1. A digital camera structure, wherein a digital camera comprises a rotating portion, the rotating portion being configured with a lens; a magnetic flux device is located on the rotating portion, and the magnetic flux device is attracted to a magnetic flux body of a fixed portion; wherein means of mutual attraction between the magnetic flux device and the magnetic flux body is used, thereby enabling the rotating portion to permit multidirectional and large-scale adjustment of the filming angle on the fixed portion, and achieve convenient fixing effectiveness.

2. The digital camera structure according to claim 1, wherein the fixed portion comprises a retaining cavity able to accommodate the rotating portion, the retaining cavity bears the weight of the rotating portion and enables the rotating portion to permit multidirectional and large-scale adjustment on the fixed portion.

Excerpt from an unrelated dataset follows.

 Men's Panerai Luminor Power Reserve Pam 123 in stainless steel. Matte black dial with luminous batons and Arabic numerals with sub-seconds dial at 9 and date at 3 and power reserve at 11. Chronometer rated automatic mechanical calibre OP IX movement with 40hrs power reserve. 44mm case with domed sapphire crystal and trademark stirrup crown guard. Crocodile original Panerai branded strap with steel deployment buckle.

3. The digital camera structure according to claim 1, wherein the rotating portion is independently joined to a magnetic piece, and the magnetic piece further comprises a cavity able to accommodate the rotating portion, the cavity bears the weight of the rotating portion and enables multidirectional and large-scale rotation of the rotating portion on the magnetic piece.

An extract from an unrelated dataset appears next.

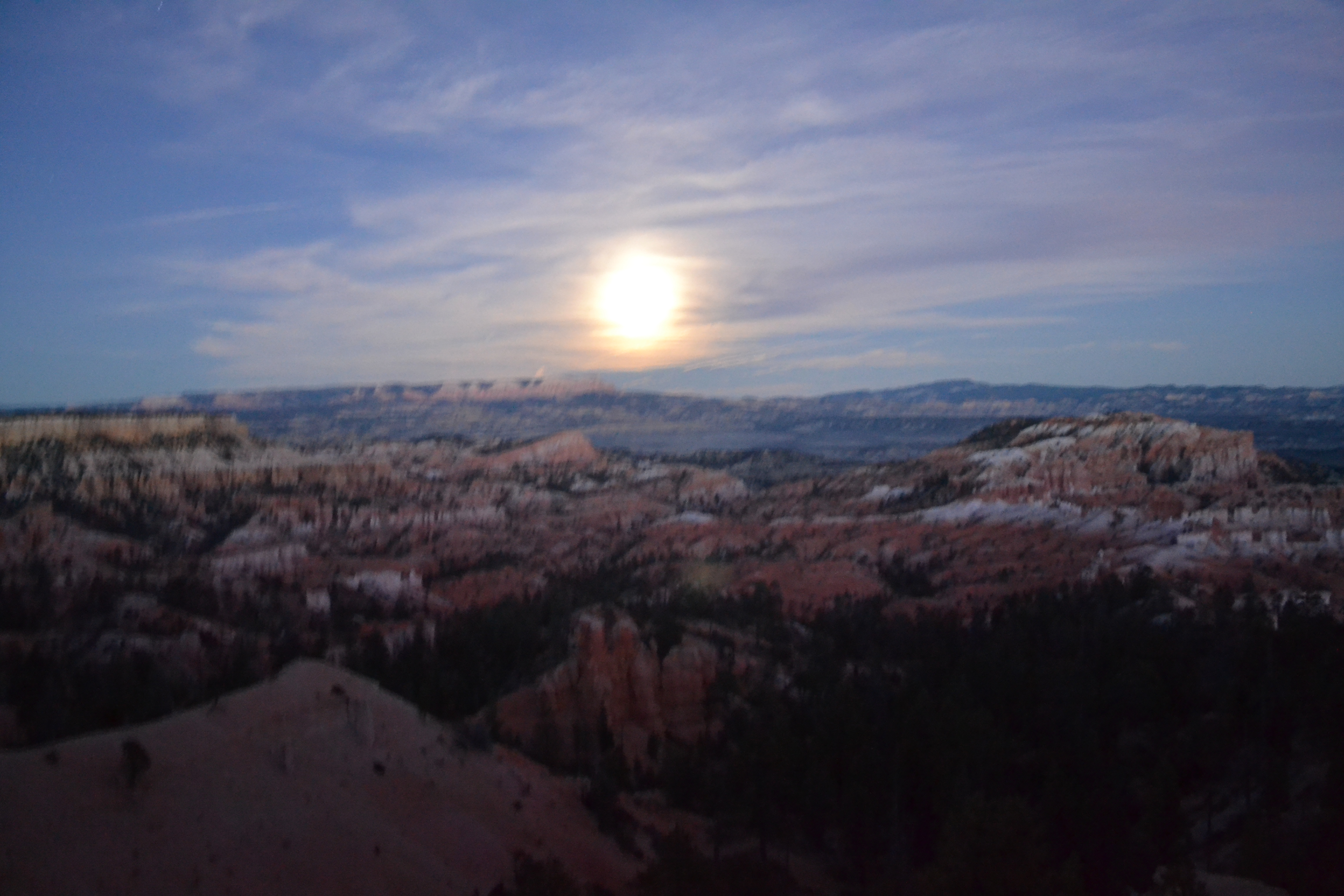 That evening we went on the Moonlit Hoodoo Walk. The poster said no torches or headlamps allowed. We couldn’t believe that it would be possible to descend into the canyon without any source of light. We were of course forgetting the moon!! Wow.. Please don’t judge us on not actually considering that incredible source of light. So it was we descended 500’ or so down narrow paths on cliff edges with only the huge glare of the moon to go by!!

4. The digital camera structure according to claim 3, wherein the rotating portion uses magnetism of the magnetic piece to further enable the rotating portion and the magnetic piece to be attracted to a magnetically attracting device, thereby enabling multifarious disposition of the rotating portion, which, moreover, better benefits the general user in the convenient use of the lens on the rotating portion.

5. The digital camera structure according to claim 1, wherein material of the magnetic flux device is a magnet, and material of the magnetic flux body is iron.

6. The digital camera structure according to claim 1, wherein material of the magnetic flux device is iron, and material of the magnetic flux body is a magnet.

7. The digital camera structure according to claim 1, wherein the lens is further configured as a CCD (Charge Coupled Device) lens, a CMOS (Complementary Metal-Oxide Semiconductor) lens and related photographic lens.